Supplementary Material for: IFNγ-Inducible Chemokines Decrease upon Selenomethionine Supplementation in Women with Euthyroid Autoimmune Thyroiditis: Comparison between Two Doses of Selenomethionine (80 or 160 μg) versus Placebo

posted on 08.10.2015 by Pilli T., Cantara S., Schomburg L., Cenci V., Cardinale S., Heid E.C.D., Kühn E.C., Cevenini G., Sestini F., Fioravanti C.
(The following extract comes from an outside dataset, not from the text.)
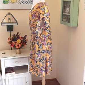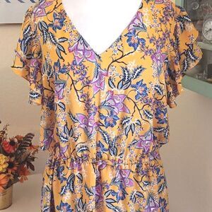 contrast design. V neck , fluttery sleeves, drawstring at waist. Skirt is lined. Size XXL measures 48 at chest, 38-44 at waist, 50 at hips, pockets here. 39 long from shoulder to hem. Sunny and fun!

Background: Several studies have suggested that selenium may influence the natural history of autoimmune thyroiditis (AIT). Recently, IFNγ-inducible chemokines (CXCL-9, -10 and -11) were shown to be elevated in AIT patients. Objective: This prospective, randomized, controlled study was conducted to evaluate the effect of two doses of selenomethionine (Semet; 80 or 160 µg/day) versus placebo in euthyroid women with AIT, in terms of reduction of anti-thyroid antibodies, CXCL-9, -10 and -11 and improvement of thyroid echogenicity, over 12 months. Patients and Methods: Sixty patients, aged 21-65 years, were equally randomized into 3 groups: placebo, 80 µg/day of Semet (80-Semet) or 160 µg/day of Semet (160-Semet). Results: Anti-thyroperoxidase antibody (TPOAb) levels remained unaffected by Semet supplementation; anti-thyroglobulin antibody levels showed a significant reduction in the 160-Semet and the placebo group at 12 months. No significant change in thyroid echogenicity, thyroid volume and quality of life was observed within and between the groups. Subclinical hypothyroidism was diagnosed in 2 patients of the placebo group versus 1 patient in each Semet group. Serum CXCL-9 and -10 were significantly reduced in both Semet groups at 6 and 12 months, while they remained unchanged or increased in the placebo group. CXCL-11, TNFα and IFNγ showed a transient decrease at 6 months in both Semet groups but returned nearly to the basal levels at 12 months. Conclusions: Semet supplementation had no positive effect on thyroid echogenicity or TPOAb in our patients. However, we observed a Semet-dependent downregulation of the IFNγ-inducible chemokines, especially CXCL-9 and -10, which may serve as helpful biomarkers in future selenium supplementation trials.